If <br /> M =<br /> \begin{bmatrix}<br /> A &amp; B \\<br /> C &amp; D \\<br /> \end{bmatrix},<br />
what is M^{\dagger}?

I think the question assumes that I know the matrix elements of $\sigma_+$, for a matrix of dimensions greater than 2*2 , which I don't.

 

[DrClaude]

I think the question assumes that I know the matrix elements of $\sigma_+$, for a matrix of dimensions greater than 2*2 , which I don't.

The $\sigma_+$ matrix you gave in the OP is 2×2, so there is something I don't understand. Could you give more details about what you are working on?

 

[Raptor112]

I am looking at the dynamics between a qubit and an electromagentic field in a cavity. I need to find the expectation value of $a^{\dagger} \sigma_-$ by contracting the density matrix and taking the trace. The dimensions of density matrix, in the project, can vary depending how many levels of the qubit and and how many levels of the cavity is chosen. All I need, is to set up $a^{\dagger} \sigma_-$ and the rest is done.

 

[Fightfish]

You already have the matrix elements for a \sigma_{+}, which you have recognised to be the Hermitian conjugate of a^{\dagger} \sigma_{-}.
The "big" matrix you see for a \sigma_{+} is not the matrix element of "\sigma_{+} for more than 2 x 2 dimensions", which you seem to be confused about. The matrix given in the problem is the tensor product of a and \sigma_{+}.

 

[Raptor112]

You already have the matrix elements for a \sigma_{+}, which you have recognised to be the Hermitian conjugate of a^{\dagger} \sigma_{-}.
The "big" matrix you see for a \sigma_{+} is not the matrix element of "\sigma_{+} for more than 2 x 2 dimensions", which you seem to be confused about. The matrix given in the problem is the tensor product of a and \sigma_{+}.

That makes sense. Thanks

 

[Raptor112]

You already have the matrix elements for a \sigma_{+}, which you have recognised to be the Hermitian conjugate of a^{\dagger} \sigma_{-}.
The "big" matrix you see for a \sigma_{+} is not the matrix element of "\sigma_{+} for more than 2 x 2 dimensions", which you seem to be confused about.
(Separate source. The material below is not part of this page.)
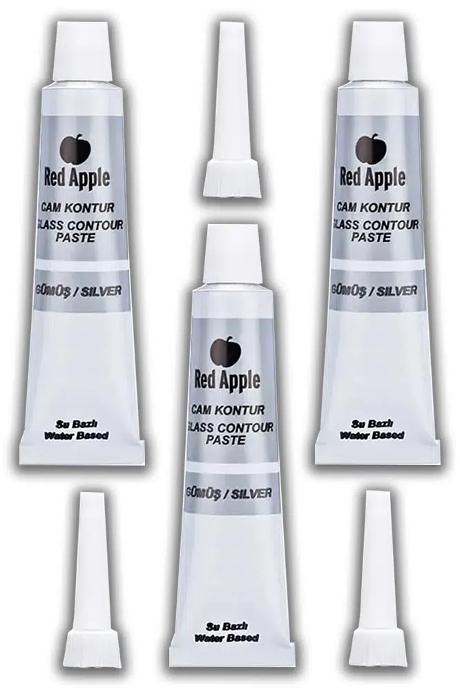 Ürün Adı: Gümüş Gri Kontür Boyası 20 ml 3 Adet Red Apple Cam Vitray Boyası Kontur Boyası Ana Hatları Çizme Sanatsal Hobi
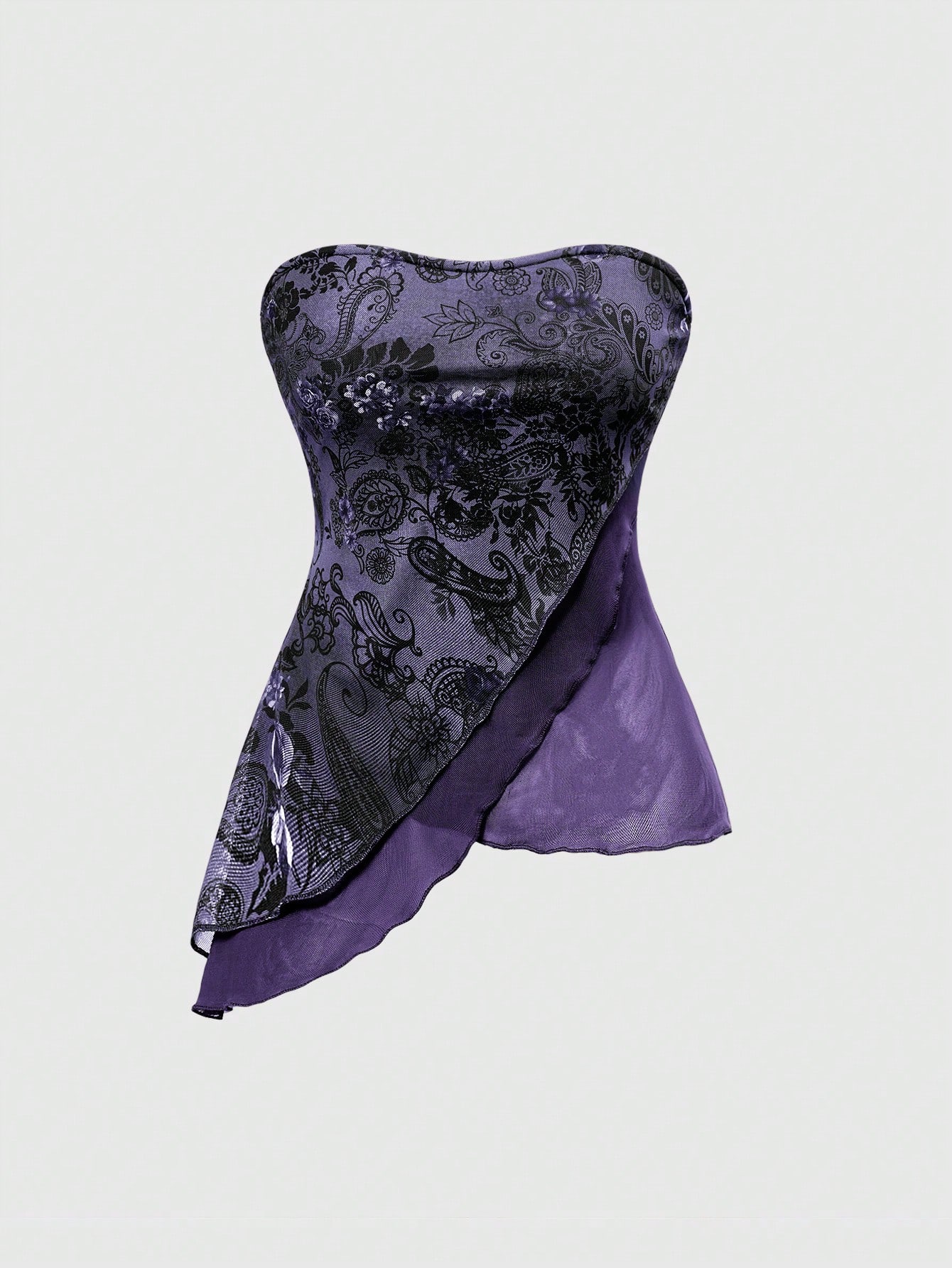 Fairycore Women Summer Resort Paisley Pattern Asymmetric Mesh Splicing Hem Tube Top

The matrix given in the problem is the tensor product of a and \sigma_{+}.

So:
\begin{bmatrix}
0 & \sqrt{1} & 0 & 0 & \\
0 & 0 & \sqrt{2} & 0 \\
0 & 0 & 0 & \sqrt{3} \\
0 & 0 & 0 & 0 \\
\end{bmatrix} $\otimes$ \begin{bmatrix} 0 & 2 & \\ 0 & 0 & \\ \end{bmatrix} =

\begin{bmatrix}
0 & 0 & 0 & 2 \sqrt{1} & 0& 0 \dots \\
0 & 0 & 0 & 0 & 0 & 0 \dots \\
0 & 0 & 0 & 0 & 0 & 2\sqrt{2} \dots \\
0 & 0 & 0 & 0 & 0 & 0 \dots \\
\vdots & \vdots & \vdots & \vdots & \vdots&\ddots\\
\end{bmatrix}
which is not the same as eqn(5)?

 

[Fightfish]

That is because the basis in Eqn (5) was reordered (for some unknown reason)
The direct tensor product you got in your previous post has the basis order |0,+\rangle, |0,-\rangle,|1,+\rangle,|1,-\rangle \cdots, while the basis for Eqn (5) has the order |0,-\rangle, |0,+\rangle,|1,-\rangle,|1,+\rangle \cdots.
Both are equally valid - as long as you keep proper track of the basis order.

 

[Raptor112]

That is because the basis in Eqn (5) was reordered (for some unknown reason)
The direct tensor product you got in your previous post has the basis order |0,+\rangle, |0,-\rangle,|1,+\rangle,|1,-\rangle \cdots, while the basis for Eqn (5) has the order |0,-\rangle, |0,+\rangle,|1,-\rangle,|1,+\rangle \cdots.
Both are equally valid - as long as you keep proper track of the basis order.

So
$a^{\dagger} \sigma_-$=

\begin{bmatrix}
0 & 0 & 0 & 0 & 0& 0 &\dots \\
0 & 0 & 0 & 0 & 0 & 0 &\dots \\
0 & 2\sqrt{1}& 0 & 0 & 0 & 0& \dots \\
0 & 0 & 0 & 0 & 0 & 0 & \dots \\
0 & 0 & 0 & 2\sqrt{2} & 0& 0 &\dots \\
\vdots & \vdots & \vdots & \vdots & \vdots & \vdots&\ddots\\
\end{bmatrix}

 

[Fightfish]

Yup, that seems correct to me.
It'll probably be worthwhile to spend some time reviewing / learning about tensor product spaces, since you seemed to be confused at some points.